Mathematica, 93 60 bytes


Expects the input to be stored in n.

Note that the vertical line is the unicode character for "divides", which I've counted as 3 bytes (UTF-8).

Edit: Found a neat trick to avoid the bloated DateString and format specification :).

Edit: Totally forgot about the -1 requirement. Fixed now.

Here is an explanation

For[i=0,            i--                        ,];         (* i is the number of days AFTER
                                                              today.
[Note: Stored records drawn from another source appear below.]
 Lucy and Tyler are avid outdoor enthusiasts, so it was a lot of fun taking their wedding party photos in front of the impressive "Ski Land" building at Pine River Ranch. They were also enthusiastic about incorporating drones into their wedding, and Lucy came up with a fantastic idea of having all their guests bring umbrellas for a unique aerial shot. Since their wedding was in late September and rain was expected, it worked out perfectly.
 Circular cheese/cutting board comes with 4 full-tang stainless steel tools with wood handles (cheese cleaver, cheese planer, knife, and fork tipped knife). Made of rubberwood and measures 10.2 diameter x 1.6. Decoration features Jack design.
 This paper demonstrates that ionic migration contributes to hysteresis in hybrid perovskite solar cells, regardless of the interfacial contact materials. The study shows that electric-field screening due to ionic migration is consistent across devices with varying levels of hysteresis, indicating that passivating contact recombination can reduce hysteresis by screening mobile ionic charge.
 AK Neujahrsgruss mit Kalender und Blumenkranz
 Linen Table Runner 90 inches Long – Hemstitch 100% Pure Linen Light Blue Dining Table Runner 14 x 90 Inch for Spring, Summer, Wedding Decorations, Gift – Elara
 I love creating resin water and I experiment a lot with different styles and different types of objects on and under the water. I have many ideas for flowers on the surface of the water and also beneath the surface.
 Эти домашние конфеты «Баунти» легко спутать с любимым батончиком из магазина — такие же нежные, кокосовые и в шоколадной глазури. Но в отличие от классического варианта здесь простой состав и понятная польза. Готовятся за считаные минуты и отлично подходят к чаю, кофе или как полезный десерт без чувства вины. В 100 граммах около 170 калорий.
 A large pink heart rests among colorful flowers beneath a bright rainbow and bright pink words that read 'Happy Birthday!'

Hence, we decrement 
                                                              it. *)
For[i=0,   DatePlus@i--                        ,];         (* If no reference date is
                                                              provided, DatePlus will add
                                                              the given number of days to
                                                              today's date. The result is a 
                                                              list of 3 integers, luckily 
                                                              in order {year,month,day} *)
For[i=0,   DatePlus@i--~FromDigits~100         ,];         (* Interpret these as the digits
                                                              of a base 100 number. The 
                                                              beauty is that FromDigits
                                                              doesn't care about digits 
                                                              greater than the base and 
                                                              just carries them over. *)
For[i=0,(r=DatePlus@i--~FromDigits~100)        ,];         (* Store the number in r. *)
For[i=0,(r=DatePlus@i--~FromDigits~100)>0      ,];         (* Make sure it's positive. *)
For[i=0,(r=DatePlus@i--~FromDigits~100)>0&&!n|r,];         (* And keep going while n does 
                                                              not divide r. *)
For[i=0,(r=DatePlus@i--~FromDigits~100)>0&&!n|r,];r~Max~-1 (* Clamp result to -1. *)

Note that I've used | instead of in the explanation, because the Unicode one messes with monospacing.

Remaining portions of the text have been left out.